→ Exercise requirements
Output the entries below word for word, stopping once the line containing "Напоминаю, что строительный" is done, and omit each picture.

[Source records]
■ ■ ■ ■ ■ ■ ■
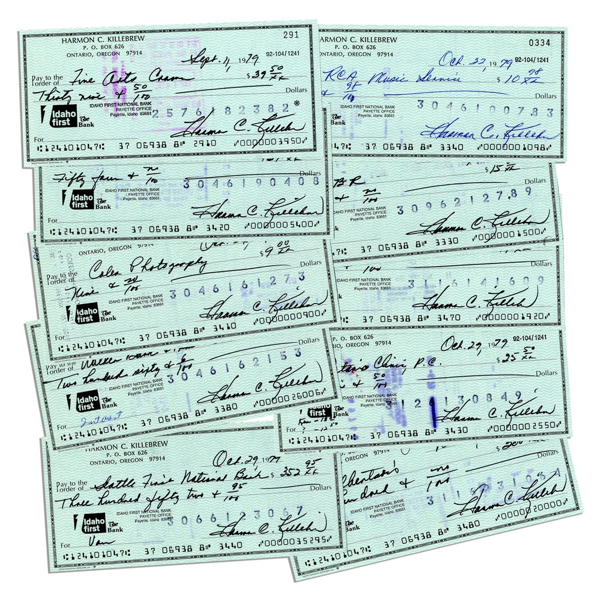 Lot of 10 personal checks signed by Harmon Killebrew. The HOFer and spectacular power hitter signs ''Harmon Killebrew'' to each check, which are all made out entirely in his hand. Checks are dated 1979, when Killebrew worked as a broadcaster for the Minnesota Twins following his dazzling playing career on the team. Killebrew's name and PO Box is printed to the upper left. Each measures 6'' x 2.75''. Standard bank cancellations; near fine.
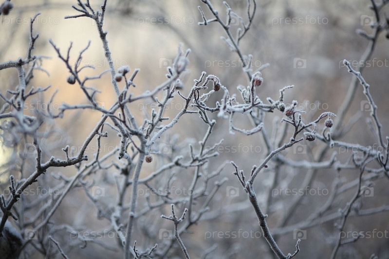 Зимние веточки и трава покрыта Мороза и снега
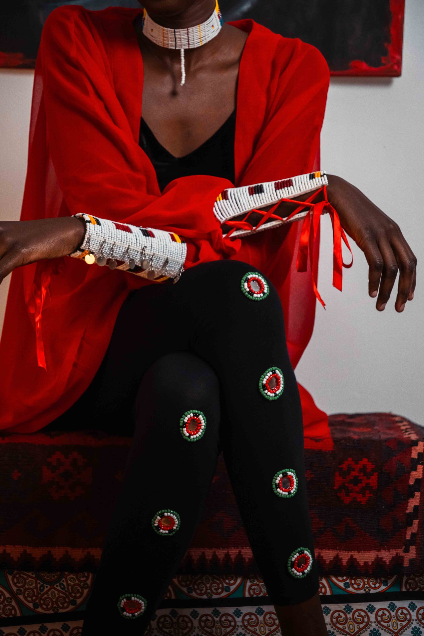 Leggings with hand beaded embellishments with silver sequins and the traditional Kenyan colour beads
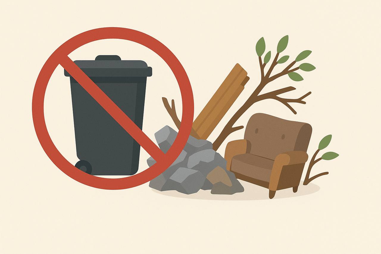 Напоминаю, что строительный мусор, ветки, листья, старую мебель и другие габаритные отходы нельзя выбрасывать в обычные мусорные баки! Такие отходы засоряют контейнерные площадки и мешают вывозу бытового мусора.
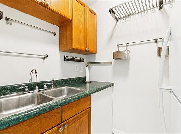 Private rear studioQuiet retreatFull-size refrigeratorDouble sinkCompact kitchen setupOpen layoutModern finishes
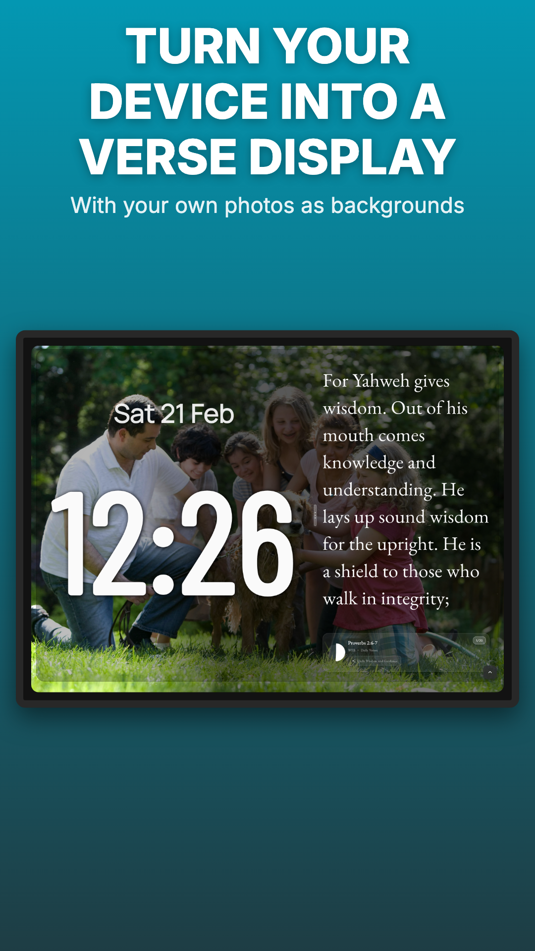 Download Bible Clock now and turn your device into a beautiful, quiet companion.
■ ■ ■ ■ ■ ■ ■
→ Response
 Lot of 10 personal checks signed by Harmon Killebrew. The HOFer and spectacular power hitter signs ''Harmon Killebrew'' to each check, which are all made out entirely in his hand. Checks are dated 1979, when Killebrew worked as a broadcaster for the Minnesota Twins following his dazzling playing career on the team. Killebrew's name and PO Box is printed to the upper left. Each measures 6'' x 2.75''. Standard bank cancellations; near fine.
 Зимние веточки и трава покрыта Мороза и снега
 Leggings with hand beaded embellishments with silver sequins and the traditional Kenyan colour beads
 Напоминаю, что строительный мусор, ветки, листья, старую мебель и другие габаритные отходы нельзя выбрасывать в обычные мусорные баки! Такие отходы засоряют контейнерные площадки и мешают вывозу бытового мусора.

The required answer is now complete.